Day 2a: Hoek van Holland to Amsterdam
Jolted awake by a member of the crew pounding on the door: “Time to go! Time to go!”
Hurriedly pack and wash, and take an elevator to deck 9 where there is a gangway to the Hoek van Holland terminal. Immigration takes one look at my burgeoning bergen and asks for evidence that i will be leaving the Schengen Area at some specific date in the future.
“So where are you going?”
“And where are you going after that?”
“Ok…and where are you going after that?”
“Stockholm, then Riga, then…”
“Are you saying you are travelling the whole of Europe in a few days?”
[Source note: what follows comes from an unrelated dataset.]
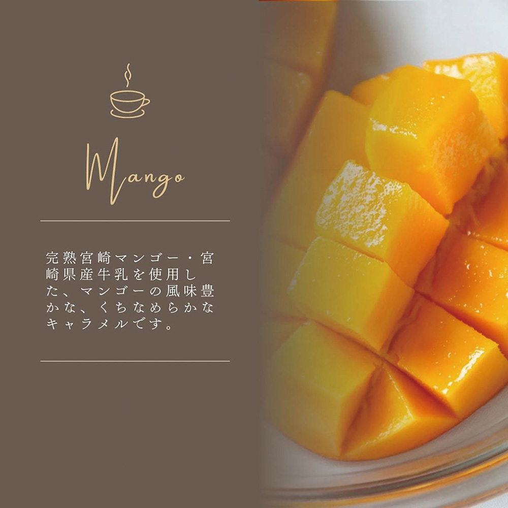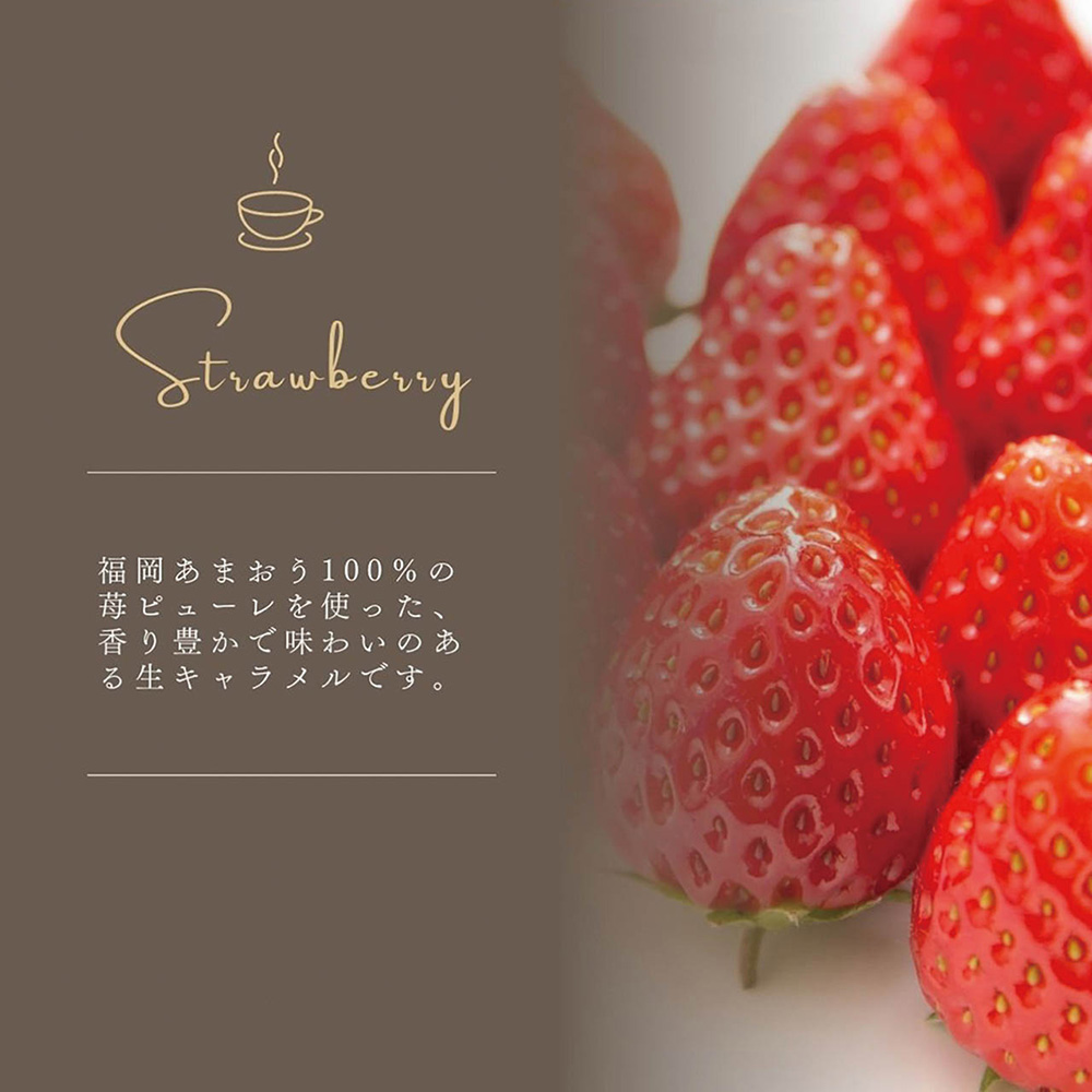 【あまおう苺】福岡あまおう100%の苺ピューレを使った、香り豊かで味わいのある生キャラメルです。【完熟宮崎マンゴー】完熟宮崎マンゴー・宮崎県産牛乳を使用した、マンゴーの風味豊かな、くちなめらかなキャラメルです。

On the track outside the Hoek van Holland ferry terminal, i meet a nice Malaysian couple attempting to get to Amsterdam as well. The trick is to get the train to Schiedum Centraal (“Sprinter Rotterdam Centraal”) and then take a connecting train from Platform 5 to Amsterdam Centraal. Love the double-decker concept.
Left Luggage in Amsterdam Centraal Station is operated by credit card. Credit cardless types ask fellow travellers to pay for them and then refund them in cash. Because of a flaw in the process, it is important to check the locker number on the printed barcoded receipt – a German family accidentally pay for my locker.
Canals, canals, canals!
Then, there is looking the wrong way. Not recognising tram tracks. Almost being run over by a tram. Almost being run over by a tram, then immediately almost being run over by several bicycles.
Bicycles. Dutch-style bicycles, of course. Dutch-style bicycles with wooden fruit crates, or with baby carriers. Riding bicycles with a brolly in one hand.
cheese for tourists, sausages for tourists, flower market for tourists, dressing up for tourists
paintings of canal houses, porcelain miniature canal houses, postcards of canal houses, Oud Delft pottery that look like bad copies of Ming vases
Manneken Pis frites. Eating hot crisp fat frites in the steady drizzle.
Lanskroon – “the best stroopwafel in Amsterdam”. Their cat comes straight up to me and starts nuzzling incessantly.
Sweet Cup Cafe. Microroastery. Giesen roaster. Chefke the Bassett waiting for the last member of his pack. Indie-coffeeshops as third places for communities and staging posts for travellers. Specialists. “You don’t want to smell my Kenyan? Don’t you like my coffee?”. Providing counselling for aeropress angst. “We only do single origin coffees. Those people who blend are trying to hide bad coffee or making the price lower.”